[Provided material]
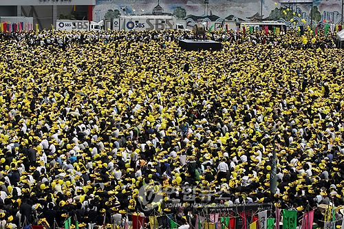 中新网5月29日电 据韩联社报道,29日的首尔广场“人山人海”,大批韩国民众自愿前来参加前总统卢武铉的遗体告别仪式。
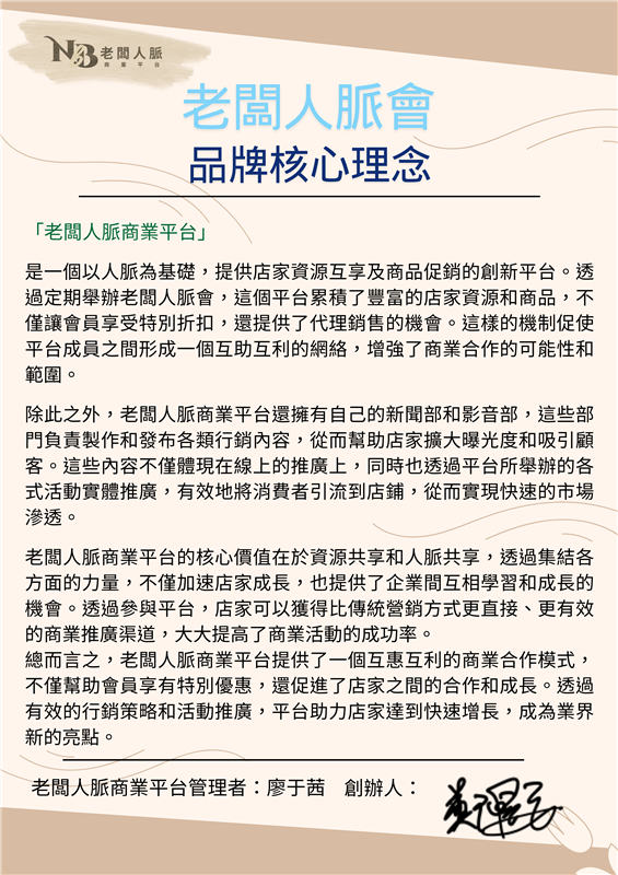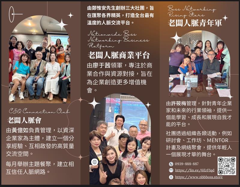 在「老闆人脈會」、「NBB老闆人脈商業平台」和「老闆人脈青年軍」這三大平台中,每一位夥伴都需具備為組織和社會付出的精神。他們不僅致力於自身的商業發展,更關注社會福祉,願意通過個人努力和資源幫助他人。這種利他主義的理念貫穿於平台的每一個角落,吸引並凝聚了一群志同道合的夥伴,共同創造一個以善以愛為出發點的商業生態系統。
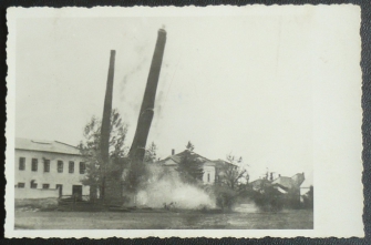 Vyškov, fotopohlednice, odstřel komínu, nepoužitá, Q2
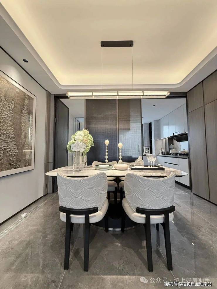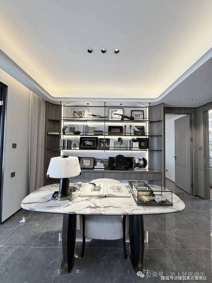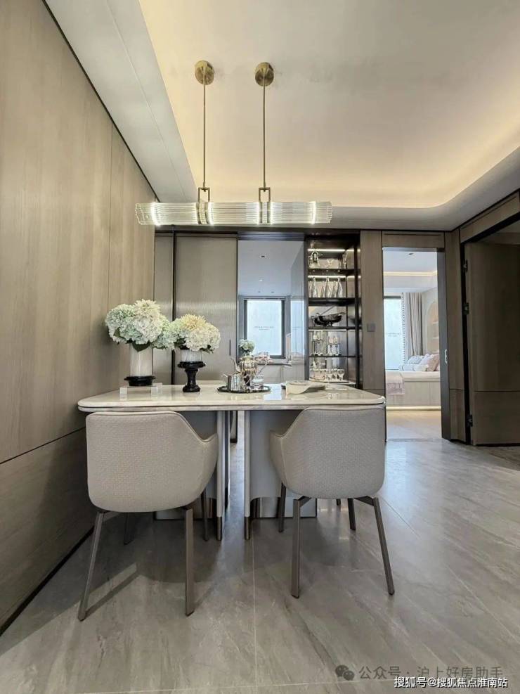 「江湾金茂府」在选材与工艺上尽显奢华,皮革、金属、木材与灯光丝滑连接,形成高度统一的整体。
[/Provided material]
Task item: What is needed is an exact transcription of the lines from the one holding "Vyškov, fotopohlednice, odstřel" to the end of the data, with every picture left out.

Exercise solution:
 Vyškov, fotopohlednice, odstřel komínu, nepoužitá, Q2
 「江湾金茂府」在选材与工艺上尽显奢华,皮革、金属、木材与灯光丝滑连接,形成高度统一的整体。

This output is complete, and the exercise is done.